Category Archives: Data Analysis

Calculating growth rate from microbial growth curves using MATLAB

Growth curve experiments are used to study the physiology of bacteria, yeast, or other micro-organisms. You inoculate cells in a nutrient medium, let them grow, and record the optical density of the culture over time with a spectrophotometer.

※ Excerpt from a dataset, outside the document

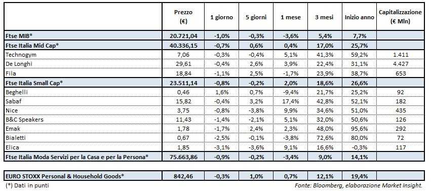 Chiude in calo anche il Ftse Italia Moda Servizi per la Casa e per la Persona, che segna un -0,9% rispetto al -0,3% del corrispettivo indice europeo.

Automated plate readers can do thousands of growth curves in a single experiment, giving a detailed view of how environmental conditions affect cells.

I've spent many hours analyzing growth curves during my PhD, and almost as many hours teaching others to do the same, so I am going to describe a basic growth curve analysis here and try to highlight some quantitative principles and programming techniques along the way. Hopefully this can save you some time if you are new to growth curves and/or programming.

Demo code and some links for further reading are provided at the bottom of this post.

Simple exponential growth

To guide our analysis, let’s write down some equations. Say that a culture has an initial cell concentration of N_0. Let t_d be the division time, so that after t_d has elapsed, the cell concentration is 2N_0. After another t_d, the culture has 4N_0 cells per volume, and so on. At this rate, the cell concentration at time t is N(t)=N_0\cdot 2^{t/t_d}. Defining the “growth rate” \lambda=1/t_d, which has units of “doublings per time”, we can write

    \[ N(t)=N_0\cdot 2^{\lambda t}. \]

Real data is measured as optical density OD, which is linear in cell concentration: OD_{raw}(t)=aN(t)+b. The constant b represents the “background” signal on the spectrophotometer when only growth medium and cuvette (or plastic plate) are present. Usually, we measure b empirically and calculate the “background-subtracted” optical density OD=OD_{raw}-b. Because this OD is proportional to cell concentration, it will grow exponentially at the same rate:

    \[ OD(t)=OD_0\cdot 2^{\lambda t}, \]

where OD_0=OD_{raw}(0)-b=aN(0) is the (background-subtracted) initial optical density. We can use this to calculate a growth rate \lambda given OD measurements at 2 timepoints. For example, if OD(t_1)=OD_1 and OD(t_2)=OD_2, then

    \[ \begin{matrix} OD_1=OD_0\cdot 2^{\lambda t_1}\\ OD_2=OD_0\cdot 2^{\lambda t_2} \end{matrix}. \]

Take the log2 of both equations and solving for growth rate, we get:

    \[ \lambda=\frac{\log_2 OD_2-\log_2 OD_1}{t_2-t_1}=\frac{\Delta \log_2 OD}{\Delta t}. \]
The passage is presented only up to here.